→ **PROVIDED MATERIAL**:
────

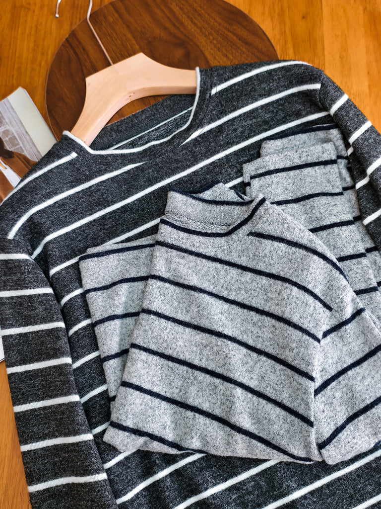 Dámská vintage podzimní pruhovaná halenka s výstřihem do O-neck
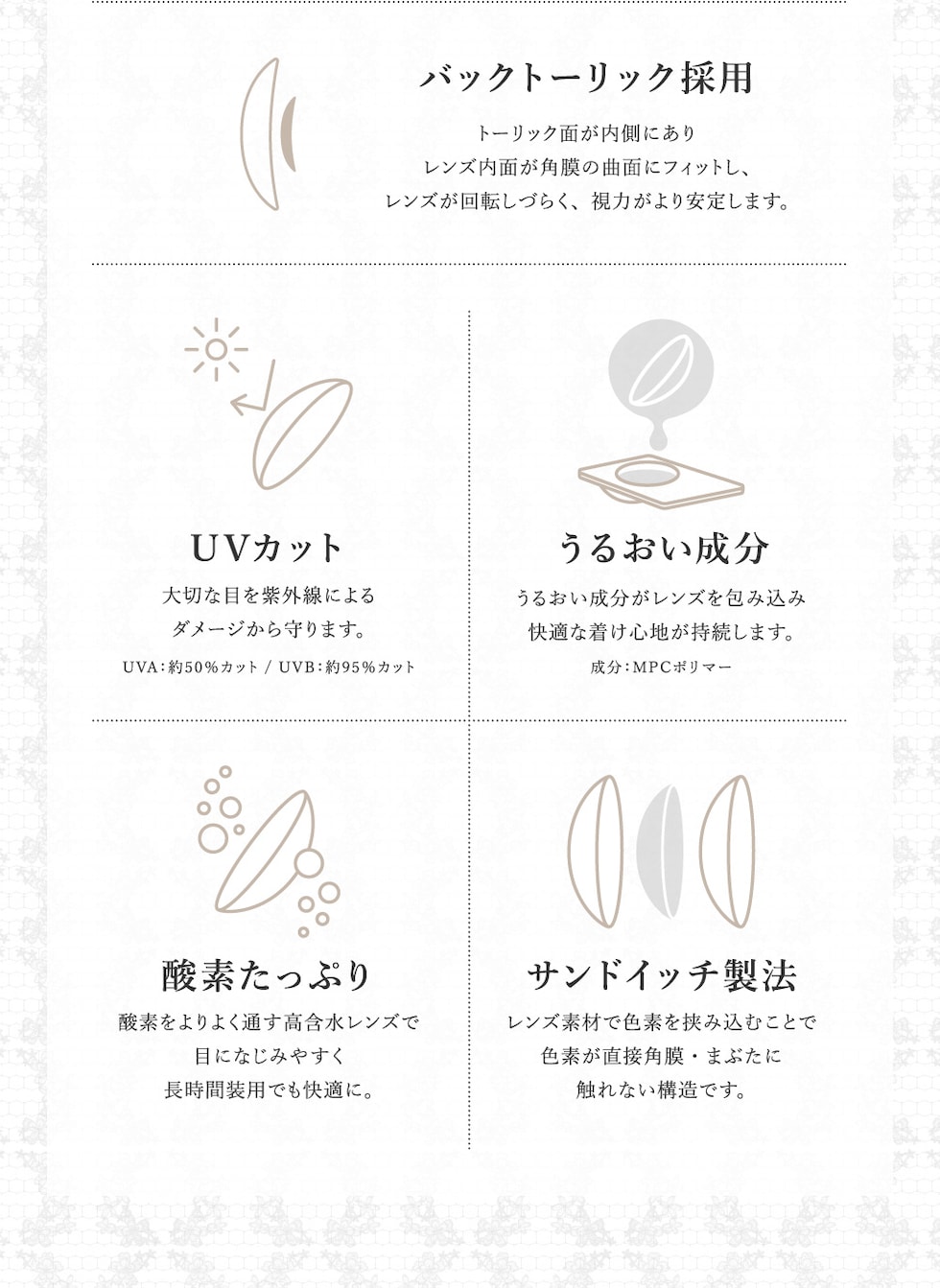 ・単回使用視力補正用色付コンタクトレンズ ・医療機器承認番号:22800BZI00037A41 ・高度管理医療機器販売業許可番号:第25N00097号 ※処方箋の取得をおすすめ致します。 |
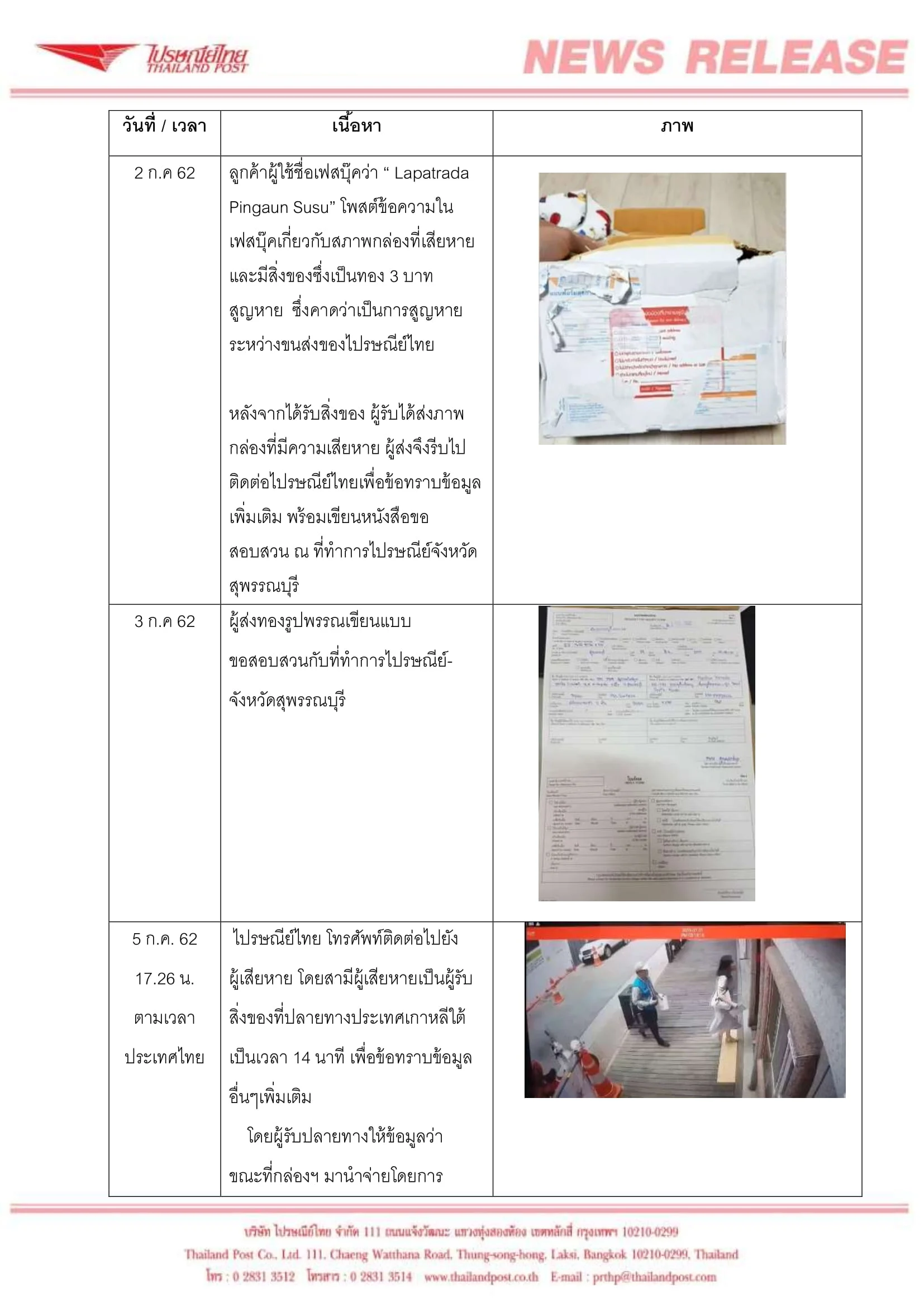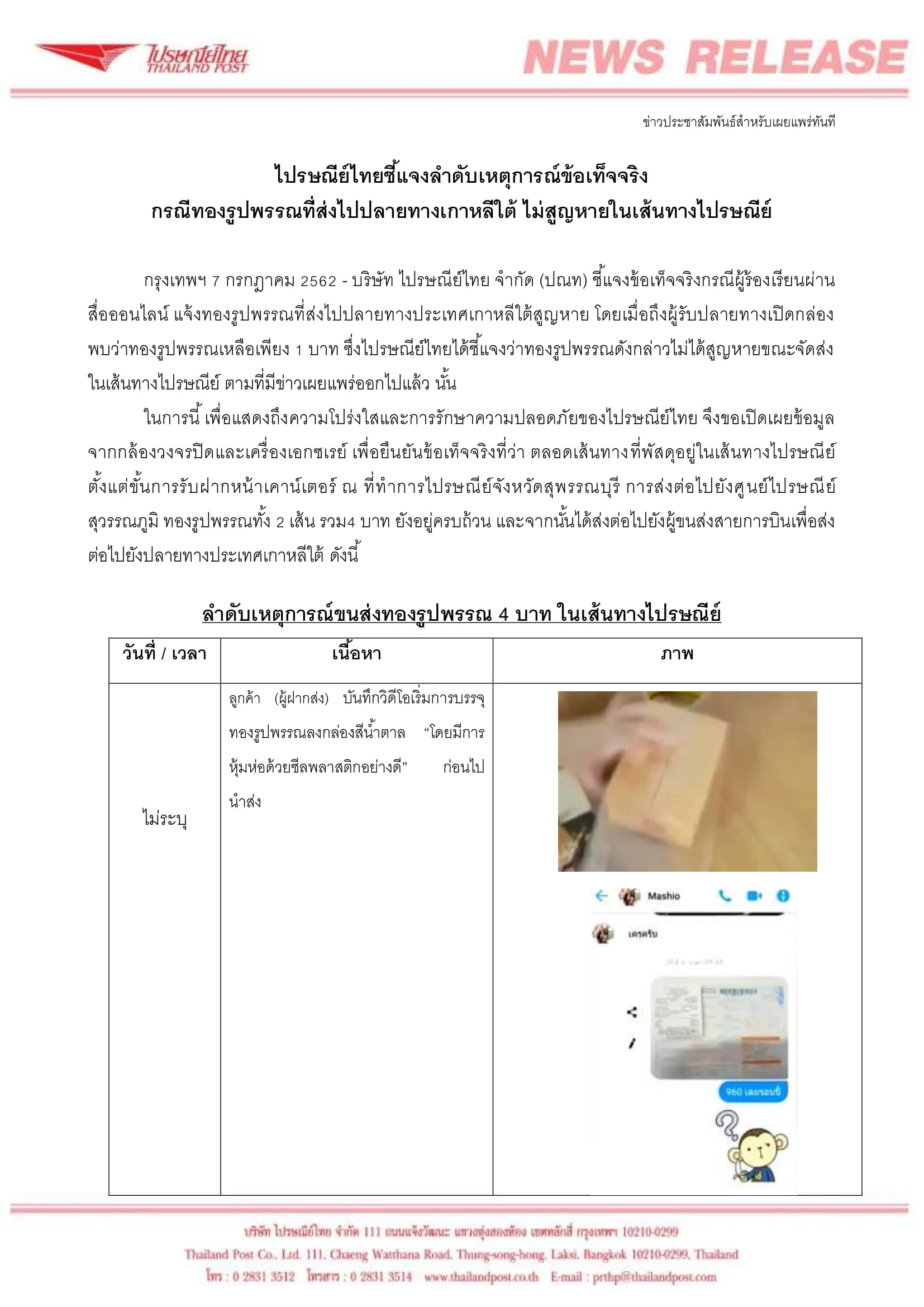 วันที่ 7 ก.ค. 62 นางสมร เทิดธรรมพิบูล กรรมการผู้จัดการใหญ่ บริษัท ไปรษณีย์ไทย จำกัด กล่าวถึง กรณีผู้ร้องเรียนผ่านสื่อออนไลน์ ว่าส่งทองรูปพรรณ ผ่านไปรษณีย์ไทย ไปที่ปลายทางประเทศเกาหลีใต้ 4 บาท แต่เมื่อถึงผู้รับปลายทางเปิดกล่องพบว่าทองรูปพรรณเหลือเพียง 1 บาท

────

→ **TASK DIRECTIONS**: Transcribe the data exactly, minus any images.

→ **COMPLETED TASK**:
 Dámská vintage podzimní pruhovaná halenka s výstřihem do O-neck
 ・単回使用視力補正用色付コンタクトレンズ ・医療機器承認番号:22800BZI00037A41 ・高度管理医療機器販売業許可番号:第25N00097号 ※処方箋の取得をおすすめ致します。 |
 วันที่ 7 ก.ค. 62 นางสมร เทิดธรรมพิบูล กรรมการผู้จัดการใหญ่ บริษัท ไปรษณีย์ไทย จำกัด กล่าวถึง กรณีผู้ร้องเรียนผ่านสื่อออนไลน์ ว่าส่งทองรูปพรรณ ผ่านไปรษณีย์ไทย ไปที่ปลายทางประเทศเกาหลีใต้ 4 บาท แต่เมื่อถึงผู้รับปลายทางเปิดกล่องพบว่าทองรูปพรรณเหลือเพียง 1 บาท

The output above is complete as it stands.